*** Opening of DATA UNDER STUDY ***

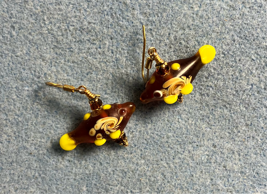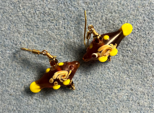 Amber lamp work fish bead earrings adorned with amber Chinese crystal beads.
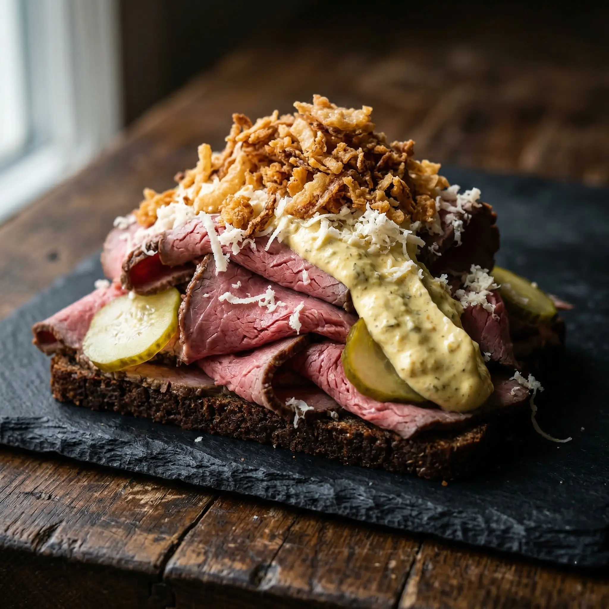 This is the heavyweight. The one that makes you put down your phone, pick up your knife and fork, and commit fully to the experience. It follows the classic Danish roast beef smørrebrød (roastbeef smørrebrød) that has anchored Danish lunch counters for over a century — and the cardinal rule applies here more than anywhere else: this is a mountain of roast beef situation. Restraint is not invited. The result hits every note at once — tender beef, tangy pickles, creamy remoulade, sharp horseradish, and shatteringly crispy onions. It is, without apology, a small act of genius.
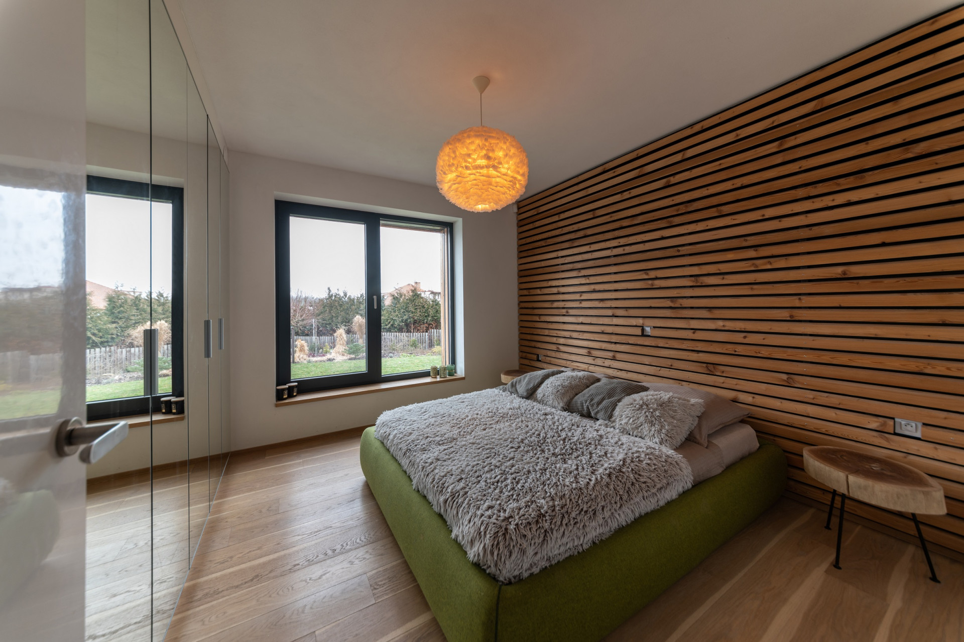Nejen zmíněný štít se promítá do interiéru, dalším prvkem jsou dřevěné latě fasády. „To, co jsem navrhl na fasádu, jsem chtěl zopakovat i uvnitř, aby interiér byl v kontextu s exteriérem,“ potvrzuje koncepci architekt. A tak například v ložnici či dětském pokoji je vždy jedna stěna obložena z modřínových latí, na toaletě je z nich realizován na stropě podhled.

*** Close of DATA UNDER STUDY ***
*** Opening of DATA UNDER STUDY ***

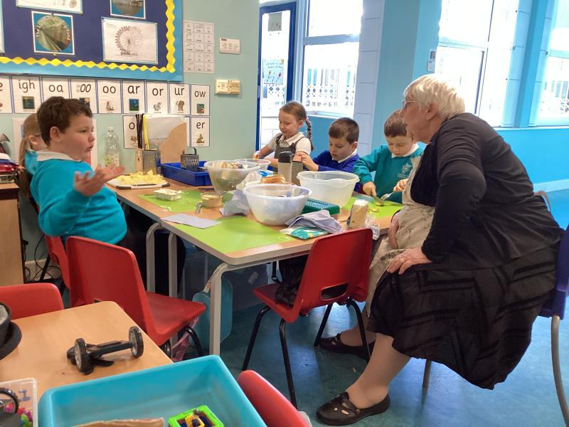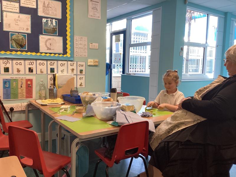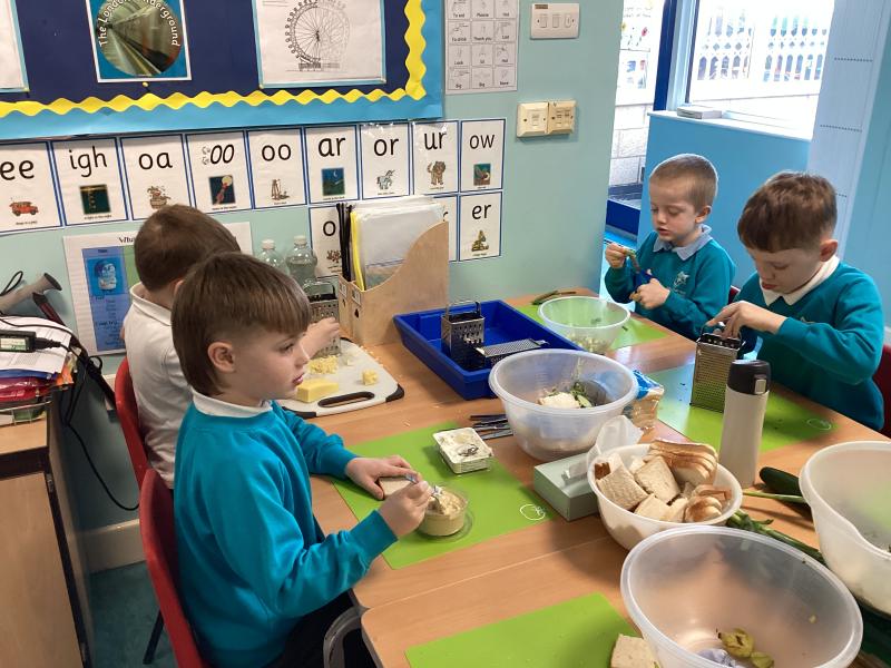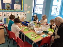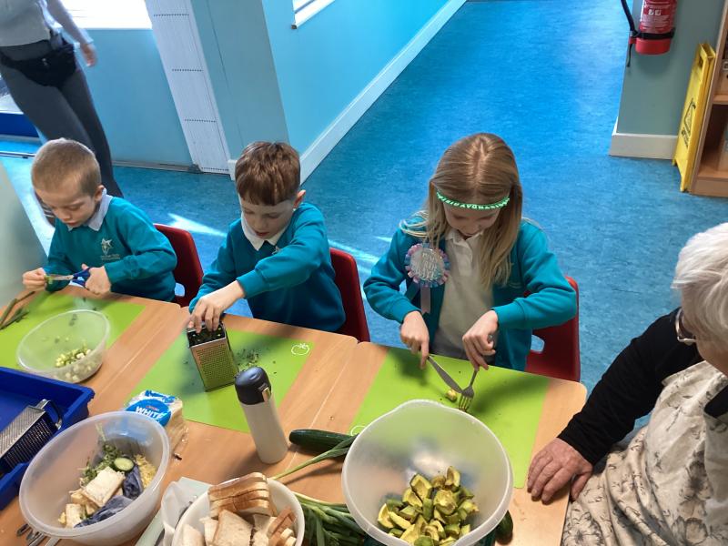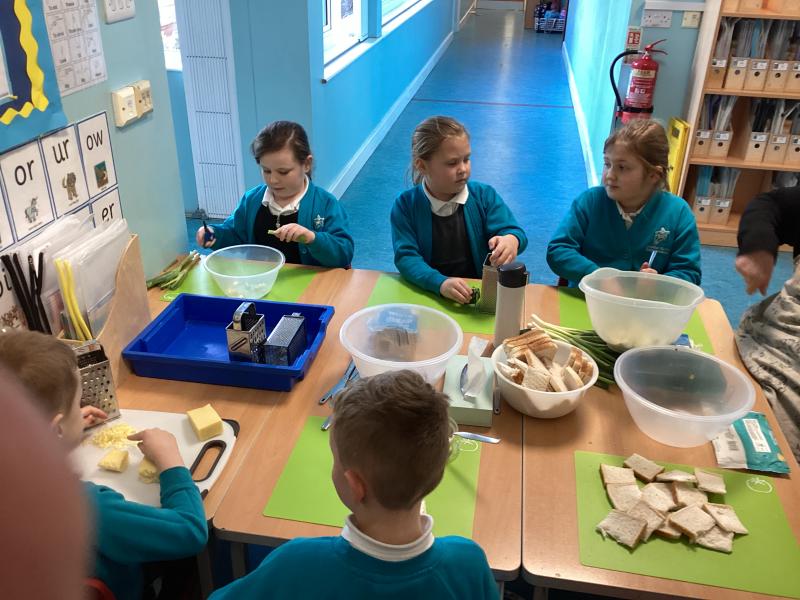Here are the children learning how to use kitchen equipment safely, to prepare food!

*** Close of DATA UNDER STUDY ***
*** Opening of DATA UNDER STUDY ***

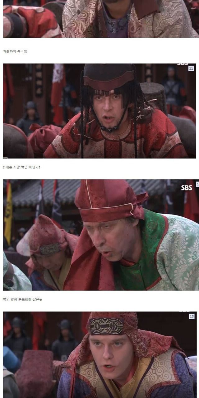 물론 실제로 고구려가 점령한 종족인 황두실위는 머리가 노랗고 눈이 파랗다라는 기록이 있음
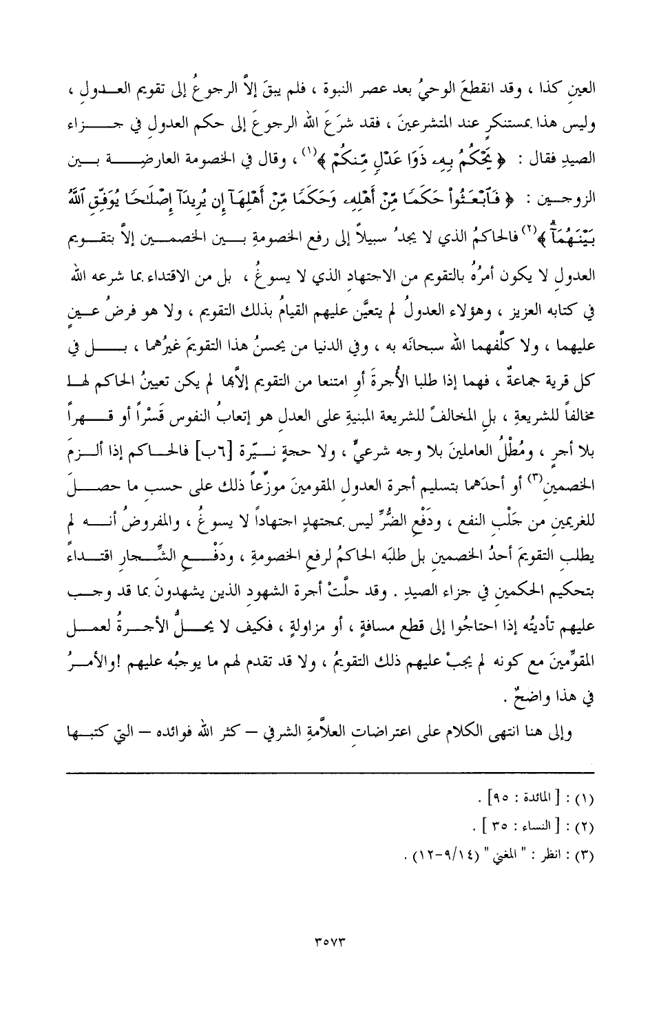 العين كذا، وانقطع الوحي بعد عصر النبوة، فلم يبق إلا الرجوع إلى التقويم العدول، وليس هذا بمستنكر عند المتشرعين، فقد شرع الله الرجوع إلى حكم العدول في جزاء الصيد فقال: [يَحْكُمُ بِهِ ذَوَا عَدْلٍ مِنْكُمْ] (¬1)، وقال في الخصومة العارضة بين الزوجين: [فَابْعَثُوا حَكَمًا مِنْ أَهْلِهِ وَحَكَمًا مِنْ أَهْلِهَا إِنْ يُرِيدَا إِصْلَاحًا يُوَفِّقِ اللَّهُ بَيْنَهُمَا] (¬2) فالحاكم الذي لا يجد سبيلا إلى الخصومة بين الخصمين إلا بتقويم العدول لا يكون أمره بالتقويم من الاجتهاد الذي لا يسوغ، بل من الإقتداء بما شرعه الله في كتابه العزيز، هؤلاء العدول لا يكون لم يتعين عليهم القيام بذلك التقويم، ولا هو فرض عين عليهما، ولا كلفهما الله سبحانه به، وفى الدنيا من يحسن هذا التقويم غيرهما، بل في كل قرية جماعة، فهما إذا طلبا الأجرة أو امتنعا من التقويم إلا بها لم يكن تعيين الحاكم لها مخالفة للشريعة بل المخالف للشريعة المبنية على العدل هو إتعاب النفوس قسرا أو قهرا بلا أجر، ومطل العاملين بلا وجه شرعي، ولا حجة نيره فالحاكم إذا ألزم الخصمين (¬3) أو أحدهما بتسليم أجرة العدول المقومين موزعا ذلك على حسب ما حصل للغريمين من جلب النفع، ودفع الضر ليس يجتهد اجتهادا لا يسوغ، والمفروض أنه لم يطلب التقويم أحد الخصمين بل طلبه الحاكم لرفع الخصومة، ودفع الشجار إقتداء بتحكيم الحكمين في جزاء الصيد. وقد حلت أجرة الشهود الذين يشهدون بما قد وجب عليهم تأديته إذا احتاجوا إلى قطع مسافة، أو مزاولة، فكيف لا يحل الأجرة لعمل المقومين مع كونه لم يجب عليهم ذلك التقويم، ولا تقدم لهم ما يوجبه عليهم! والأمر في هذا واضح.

*** Close of DATA UNDER STUDY ***

Would you copy, word for word, only the lines above from the one containing "Amber lamp work" through the one containing "This is the", both included, and please leave out the pictures?

■ RESPONSE BELOW
 Amber lamp work fish bead earrings adorned with amber Chinese crystal beads.
 This is the heavyweight. The one that makes you put down your phone, pick up your knife and fork, and commit fully to the experience. It follows the classic Danish roast beef smørrebrød (roastbeef smørrebrød) that has anchored Danish lunch counters for over a century — and the cardinal rule applies here more than anywhere else: this is a mountain of roast beef situation. Restraint is not invited. The result hits every note at once — tender beef, tangy pickles, creamy remoulade, sharp horseradish, and shatteringly crispy onions. It is, without apology, a small act of genius.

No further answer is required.